そんな中、今回は冤罪で逮捕されてしまった犬男丸(いぬをまる)のエピソードを紹介。果たして彼が、どんな容疑をかけられたのか気になります。
■助光殺害事件
牛車を曳く車副たち(イメージ)
時は万寿4年(1027年)2月、藤原実資の車副(くるまぞい)である助光(すけみつ。姓は不詳)が殺害されました。
車副とは牛車の左右について牛をリードする役目。言うまでもなく低い身分です。
そんな助光が帰宅するため平安京を出て嵯峨へ向かうため、直線距離で7~8キロはあろう道のりを歩いていたのでした。

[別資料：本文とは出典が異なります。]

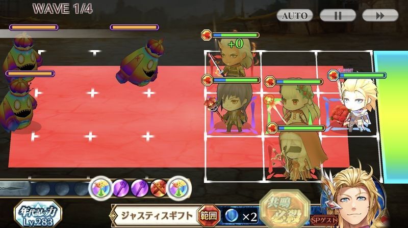 | ◆戦闘時、攻撃力(?%)が上がる。WAVEが進むたび、効果が(?%)上がる。 ◆WAVEが進むたび、味方全体のHPが上限を(?%)超えて(?%)回復し、全状態異常を回復する。 | |||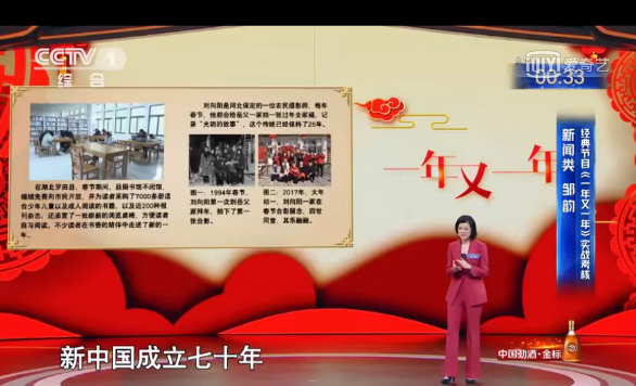 两张图片,一个是湖北罗田新年开放图书馆,一个是时隔20年的两张全家福。却很快的就被她化解成了物质文明和精神文明。通过全家福带出物质文明,再引出精神文明,然后就自然而然的过渡到开放图书馆这一张图片来。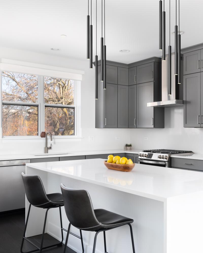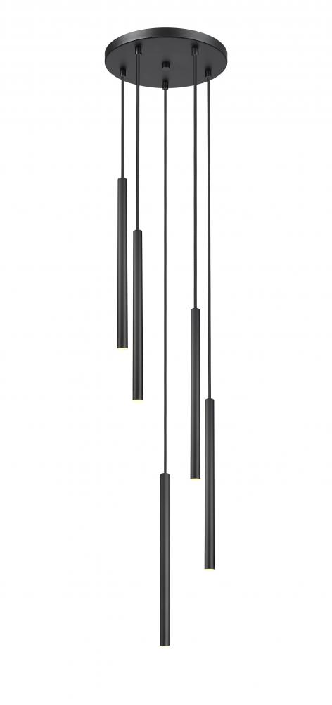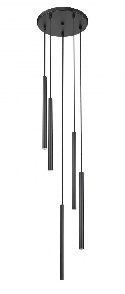 Chic staggered lights create a compelling, sculptural silhouette for this modern five-light chandelier. It features integrated LEDs tucked in long, slim shades, all with a chic matte black finish. The light is dimmable and energy efficient, perfect for a stylish living or dining room.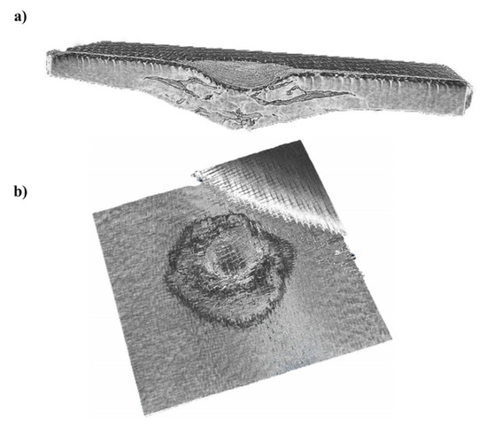 Micro CT scan pictures of a flax/basalt hybrid composite after an impact test, with a 50 J impact energy: (a) half-view of the specimen with impact failure, in the form of delamination, and (b) top view of the damaged area’s shape.

当時の車副(またはそのクラスの人物)は住み込みでたまに帰宅するスタイルだったのか、あるいは毎朝通勤するスタイルだったのかはともかく、徒歩で毎日7~8キロ往復はなかなかダルいですね。
時速5キロとして、片道1.5時間/往復3時間。
そんな助光が何を思いながら家路をたどっていたかは分かりませんが、ともあれ助光は殺害されてしまったのでした。
■共犯は犬男丸
当局による捜査の結果、同年4月になって犯人が逮捕されます。
犯人の名は春童丸(しゅんどうまる)。藤原良資(よしすけ)に仕えている牛飼童(うしかいわらべ)でした。

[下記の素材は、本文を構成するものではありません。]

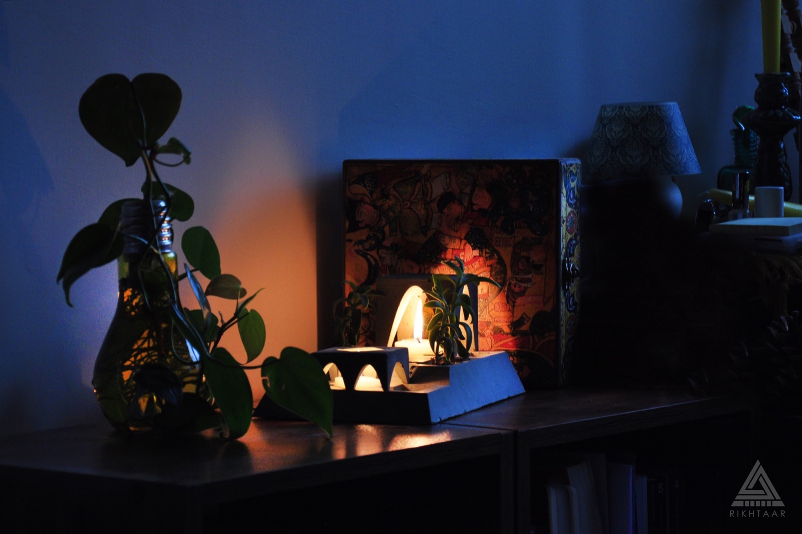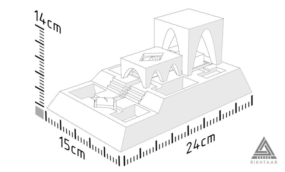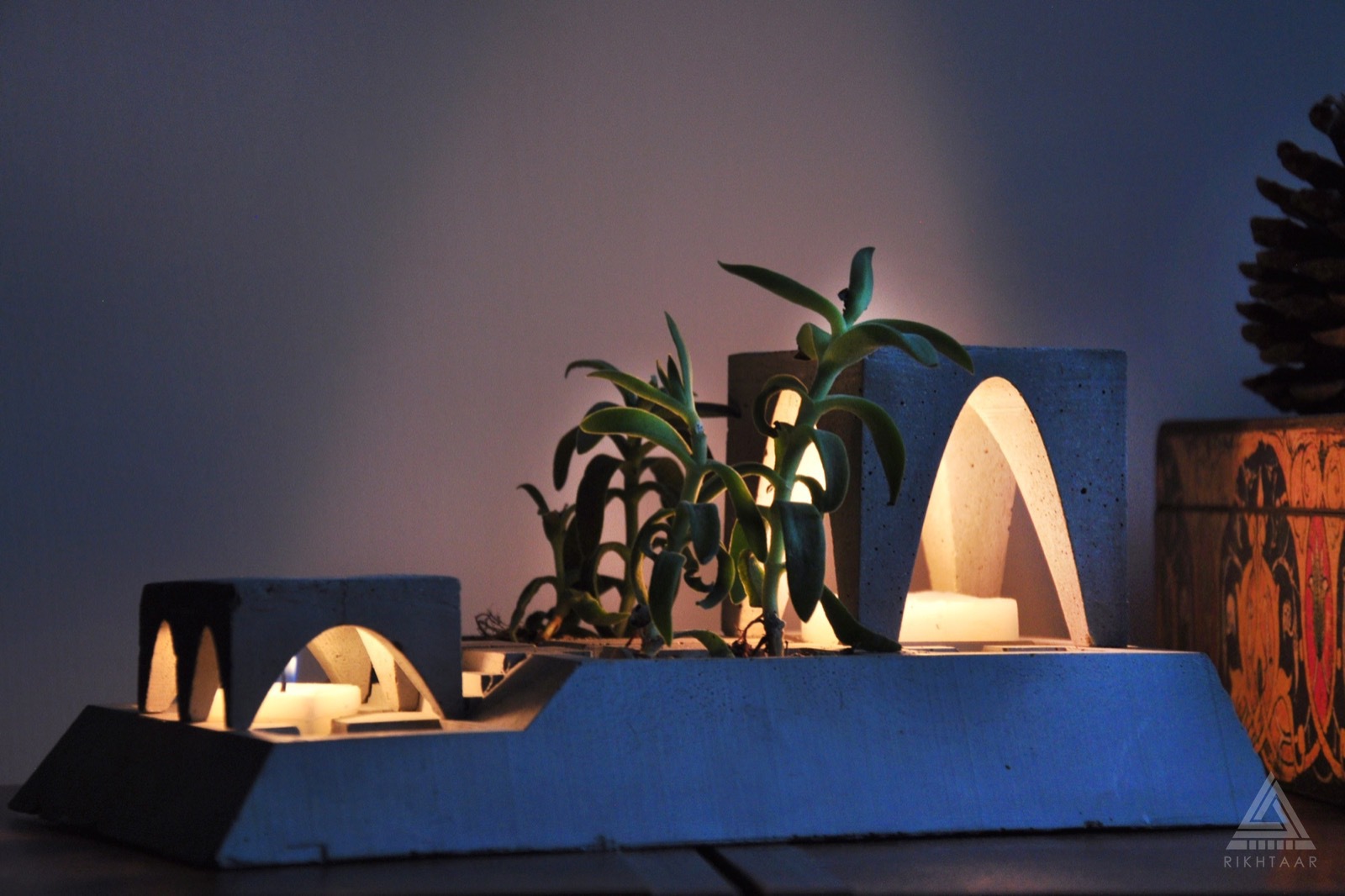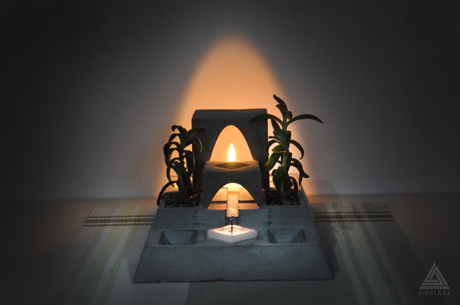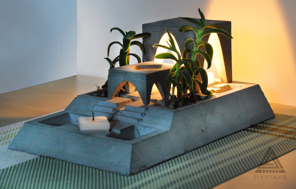 Rikhtaar Second, shaped like a Persian quadrilateral garden, is a composition of plants, candles, and concrete volumes. Perhaps somewhere next to our desk, a simple fantasy of the sacred enclosure concept, with two miniature gardens, might give everyday life a special flavor. If you have the patience and light the candle under the four-arch structure with a match strike, perhaps in the scale of this fantasy in the corner of your work desk, there will be a green presence and light of life…

幼名なので元服前、かと言ってあまり幼すぎても牛飼童は務まらないため、十代前半~半ばの青年だったのでしょう。
この春童丸と助光の間に何があったのか、なぜ殺害にまで及んでしまったのか分かりません。
ともあれ逮捕された春童丸は拷問にかけられます。
「共犯者がいるんだろう?吐け!」
「……犬男丸……」
厳しい拷問に耐えかねて白状した春童丸。
犬男丸と言えば、源経親(つねちか。源重信の孫)に仕える牛飼童でした。さっそく犬男丸が逮捕・連行されてきます。
■共犯はどこの犬男丸?

拷問を受ける犬男丸(イメージ)
犬男丸「濡れ衣だ、俺はやってない!」
獄卒「黙れ、お前が共犯という証言があるんだ!」
犬「誰だ、そんなデタラメを言ったのは!」
獄「春童丸だ、知っているだろう!」
犬「知らぬ、会ったこともない!」
獄「白ばっくれるな!」
犬「本当だ。そいつに会わせてくれ、殺人の共犯は、俺じゃない犬男丸に違いない!」
……というやりとりがあったのかどうか、果たして犬男丸と面会した春童丸は「人違いだ」とのこと。
春「……こいつじゃない」
獄「どういう事だ?」
牛飼童は犬男丸という名前が多く、調べてみると他にも複数名の犬男丸が判明しました。
そもそも犬男丸という名前は「戌年生まれの男の子」あるいは「オス犬の落し物(※)」という意味です。
(※)幼な子が悪霊に連れ去られないよう、幼名には人でない名前を選びました。~丸とは、そういう意味です。
獄「ならば、どの犬男丸が共犯なんだ?」
春「えーと……」
調査の結果、源頼職(よりもと)に仕える牛飼童である犬男丸が共犯と判明。源経親に仕える犬男丸は冤罪が立証されたのでした。
■エピローグ

「お、犬男丸じゃねぇか。最近見ないと思ったが……何だ、人違いで捕まってたのか。間抜けな奴め。まぁ命があってよかったな、ハハハ……」世の中そんなモンである(イメージ)
「おい、もう帰っていいぞ」
釈放された犬男丸は、さぞかしボロボロだったことでしょう。
無実なのに拘束したり、拷問にかけたりして悪かったなんて言われるはずもありません。
まったく、とばっちりもいいところですが、強いて彼の非?をでっち上げるとすれば
「たまたま同じ名前の人物が罪を犯した連帯責任」
と言ったところでしょうか。
その後、春童丸と共犯の犬男丸(源頼職牛飼童)にどういう刑罰が科せられたのか、無実の犬男丸(源経親牛飼童)がどうなったのかについては、『小右記』に記述がありません。
殺された助光の一件について、そこまで深く追及する興味もなかったのでしょう。
せめて無実だった犬男丸が、幸せに暮らして欲しいと願うばかりです。